Только на сердце все равно было не так. Неправильно. Лизавета тронула кольцо, и прикосновение к нему вдруг успокоило.
– Скажи, – она с трудом сдержала вздох, – а ты еще не передумал?
– Не дождешься.
– Тогда… – она прикусила губу. – Может, давай поженимся? Только тайно. Что? Дыру на первой полосе надо же чем-то заполнить…
Тихий смех был ей ответом.
На берегу женщина в темном вдовьем платье кормила чаек. Она отламывала куски от мягкого багета, швыряя в воздух, и белая стая верещала, била крыльями, норовя подхватить все до крошки.
Пахло морем. Йодом.
Песком, который потемнел от влаги. Впрочем, это обстоятельство не помешало мальчишке ковыряться в нем. Лет семи, он был одет с нарочитой простотой. Темные полотняные штаны пропитались влагой, на ботинки налипли и песок, и водоросли, и вовсе что-то, совсем уж неразличимое. В руках мальчишка держал раковину.

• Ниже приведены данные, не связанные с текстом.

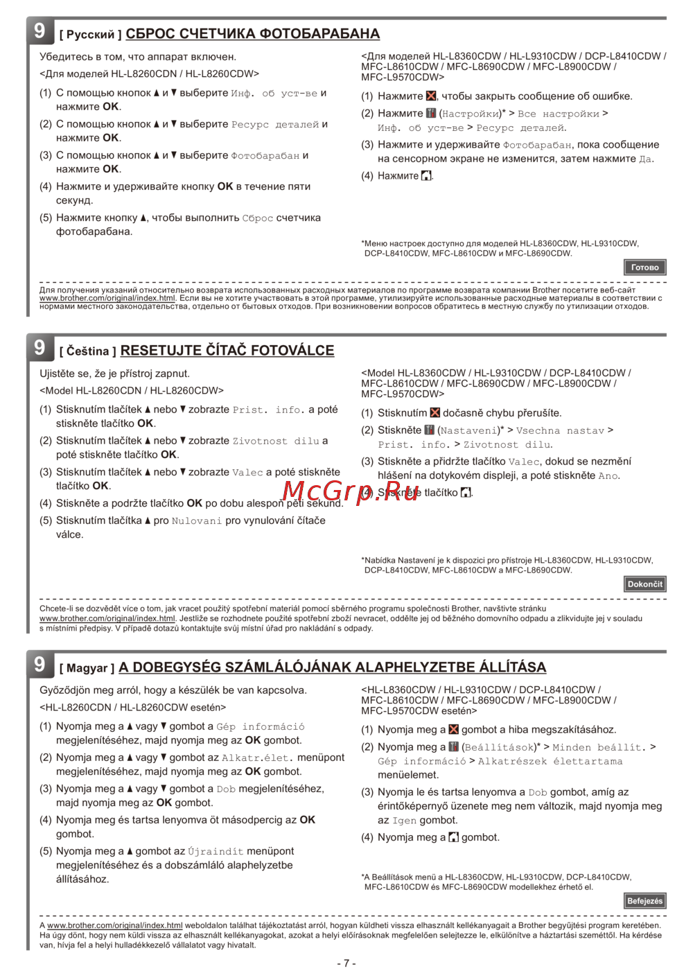 ![Brother MFC-L9570CDW [8/11] Сброс счетчика фотобарабана](/views2/1469128/page8/bg8.png)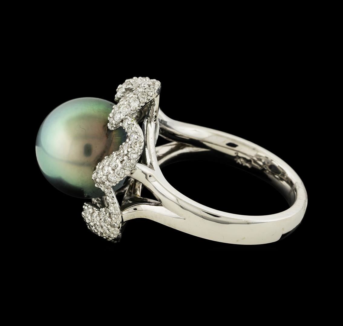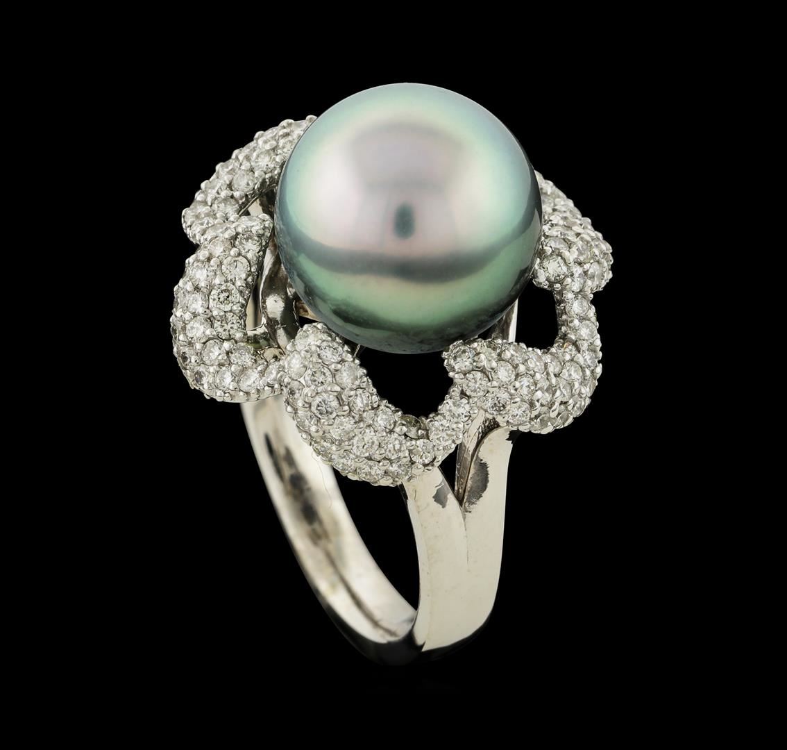 One electronically tested 14KT white gold lady's cast fashion ring with a swirled basket halo with a bright polish finish. The featured lady's ring has a split shank measuring 3.05 millimeters wide. Identified with markings of 'K14'. Condition is new, good workmanship. Containing: One Tahitian pearl, 11.8mm to 11.7mm in size. The pearl is peacock in color, green overtone with a good luster, round, and clean. Graded in the setting. One Hundred Twenty-Six prong set round brilliant cut diamonds, measuring 1.30 - 1.20 x 0.78mm (depth est.) approximate total weight of 126 Stones = 0.93ct. Graded in the setting. Clarity SI-1 to SI-2. Color: G - H Cut Good. Total Weight of Diamonds 0.93ct.. Total Weight of Ring 9.40gm. GAS Appraised at $6,265.00.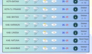 “Secara umum kondisi cuaca di kepri esok hari diprakirakan berawan tebal dan berpotensi terjadinya hujan dengan intensitas ringan hingga sedang yang dapat disertai petir dan angin kencang pada pagi dan siang hari di wilayah, Bintan, Karimun, Anambas, dan Natuna,” tulisnya dirilis update prakiraan cuaca.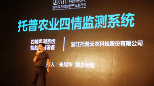 托普云農(nóng)副總經(jīng)理朱旭華在“創(chuàng)未來”軟件及科技創(chuàng)新產(chǎn)品發(fā)布會現(xiàn)場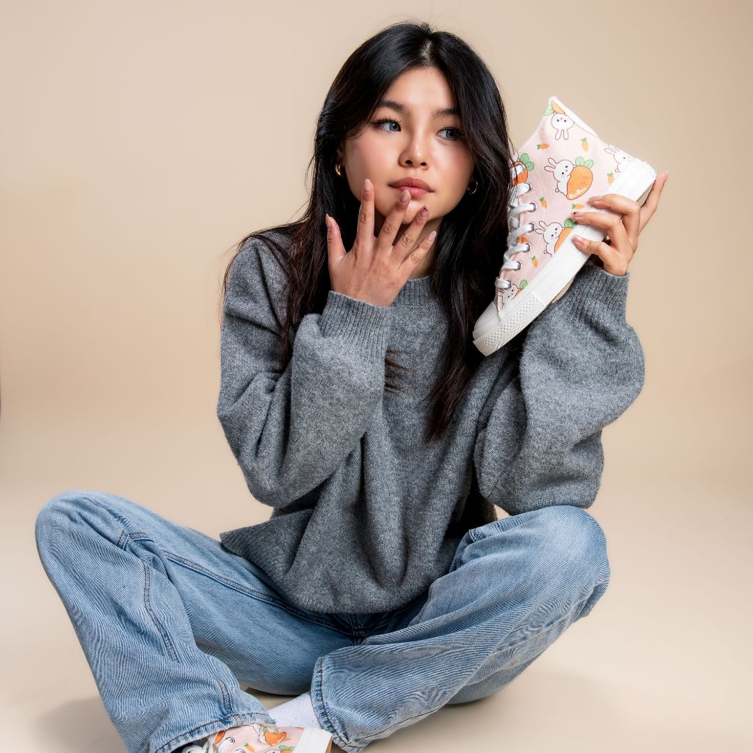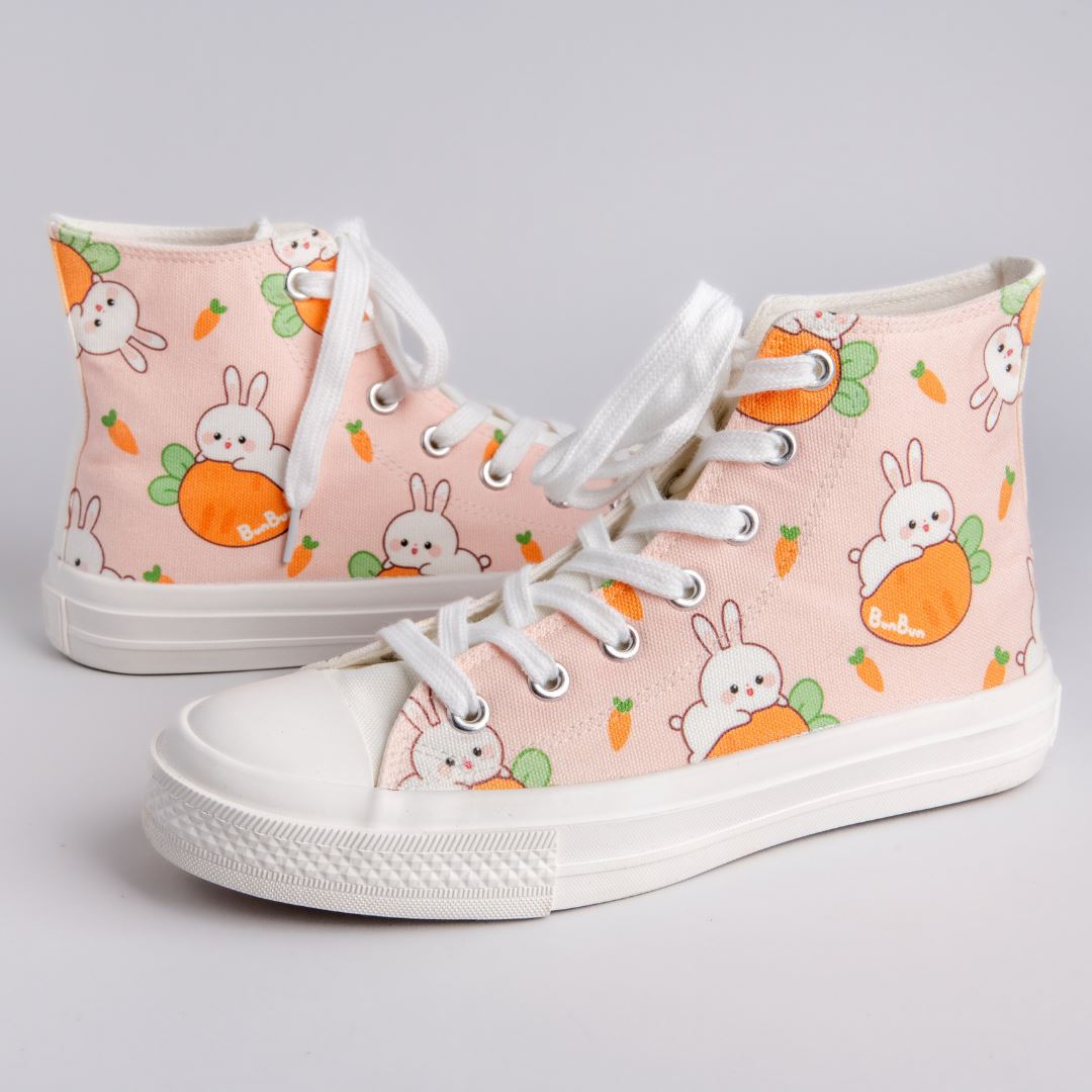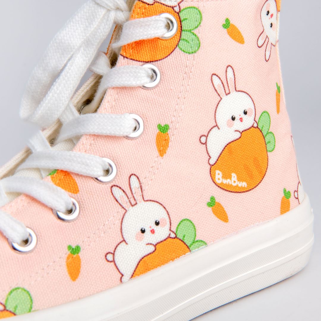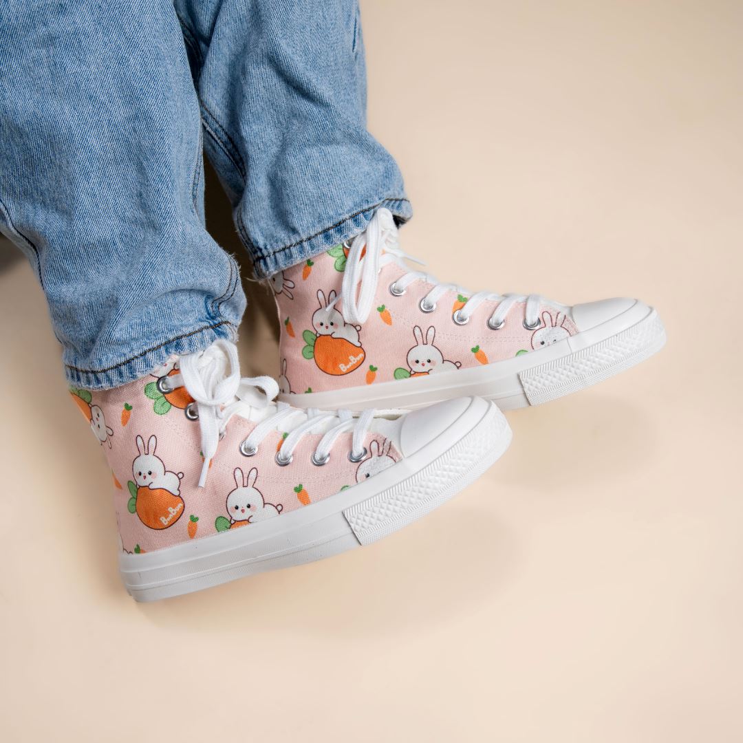 • Introducing our customized, Bobo's House exclusive Bun Bun the Bunny High Top Canvas Shoes, the perfect combination of cute and comfy everyday shoes.
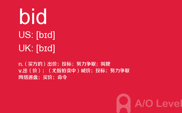 英国、加拿大、爱尔兰、澳大利亚、新西兰、新加坡等英语国家没有统一的大学入学标准,虽然它们都认可a-level证书,但是各所大学、各个专业对学生学过哪几门a-level课程以及成绩都有不同的要求。所以怎样选择课程并没有一个唯一的答案。对于如何选课的问题要根据具体情况而定。这些在你的a-level考试中都不是重要的,重要的是a-level成绩,a-level成绩取决于a-level词汇量,那么今天小编给大家带来a-level考试重点词汇bid的全面解析。如果您想了解英国alevel考试试卷,alevel真题搜索,alevel物理多少分是a,alevel真题网等关于a-level考试的相关资讯,请继续浏览并关注课窝a/o-level考试网。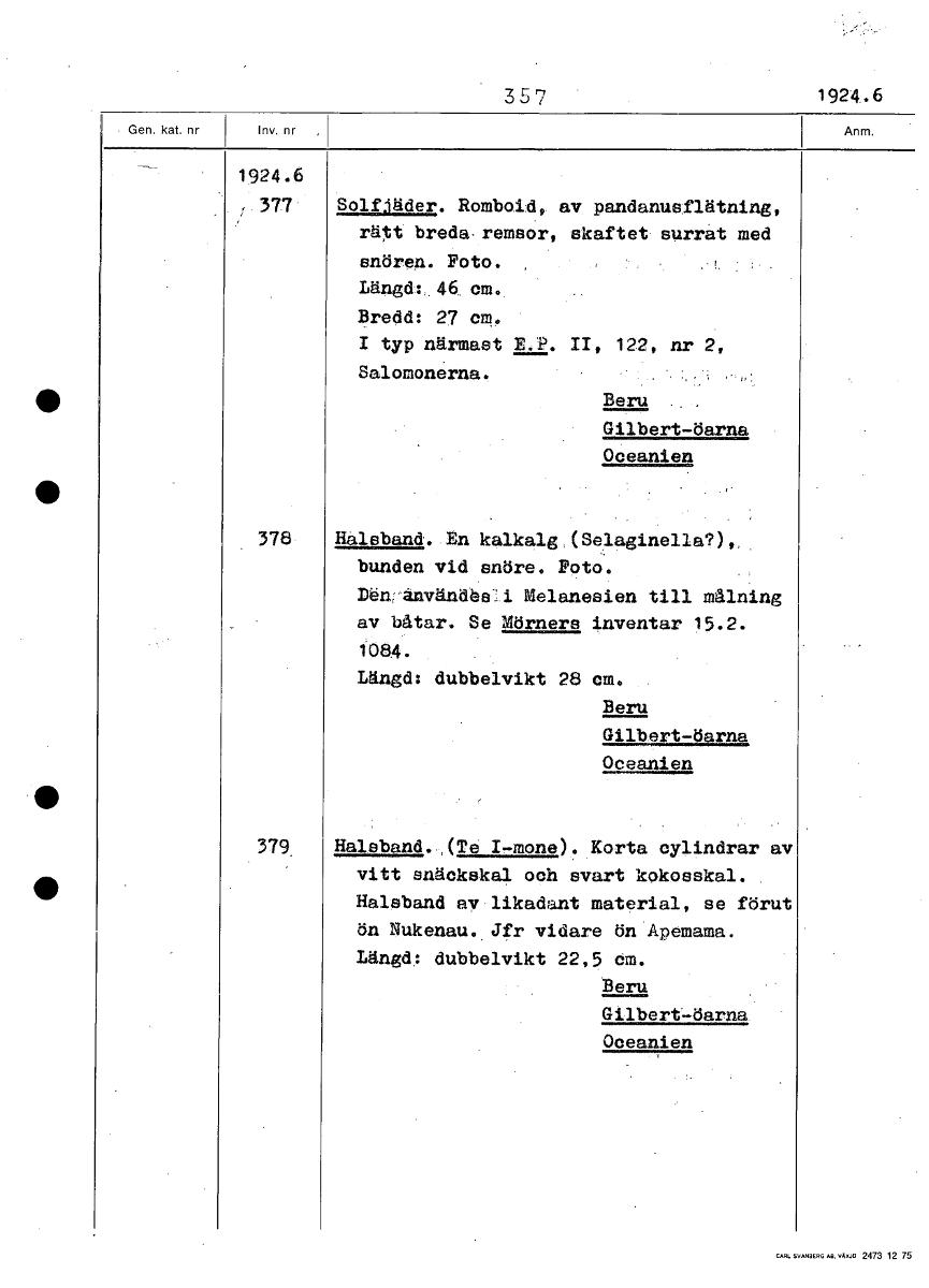 35 7 1924.6 1924.6 377 Solfjäder. Romboid, av pandanusflätning, rätt breda, remsor, skaftet surrat med snören. Foto. Längd: 46 cm. Bredd: 27 cm. typ närmast E.P. II, 122, nr 2, Salomonerna. Beru Gilbert-öarna Oceanien 378 Halsband. En kalkalgASslaginella?), bunden vid snöre. Foto. Den;'änvändesli Melanesien till målning av båtar. Se Mörners inventar 15.2. 1084. Längd: dubbelvikt 28 cm. Beru Gilbert-öarna Oceanien 379. Halsband. (Te I,-mone).Korta cylindrar av vitt snäckskal och svart kokosskal. Halsband ay likadant material, se förut ön Nukenau.. Jfr vidare ön Apemama. Längd; dubbelvikt 22,5 em. Beru Gilbert-öarna Oceanien [ocr]

– Мама, смотри, – он прижал ее к уху. – Правда, шумит?
– Шумит, – согласилась она, осторожно тронув влажную поверхность. На мальчика она смотрела с сомнением, которое отражалось и в его глазах. – Тебе… здесь нравится?
Тихий город. Скучный.
Из тех, где все и всё обо всех знают, а когда случается хоть что-то, выходящее за пределы обычного существования, то запоминается оно надолго. Как тот день, когда фрау Марта застала своего мужа с двоюродной сестрицей в отнюдь не родственной позе.
Или когда тот, вместо должного раскаяния, заявил, что к оной сестрице уходит, благо, негодяйка держала трактир и была вдовой.
Или приезд этой вот вдовы-арсийки с сыном. Впрочем, в отличие от Марты, изгваздавшей двери трактира навозом, арсийка оказалась скучной. Сняла старый дом у вдовы Баух, наняла плотников и тех не местных, а после зажила сама по себе, что, с точки зрения местных, было совсем уж непорядочно.
Марта вон, по слухам, к ведьме пошла, чтобы пока еще законного супруга от разлучницы отвадить. А эта гуляет чинно по городку. Порой заглядывает в тратторию, где всегда берет одно и то же. И пусть говорила она чисто, понятно в отличие от племянника, который только начал постигать язык, но в этой правильности лишь ярче ощущалась ее инаковость.
Да и она чувствовала себя не слишком уверенно.
С другой стороны, эта неуверенность сближала. И, осторожно тронув светлые волосы мальчика, женщина поинтересовалась:
– Как тебе здесь? Нравится?
– Да… мама, – с легкой запинкой произнес он. – А мы здесь надолго?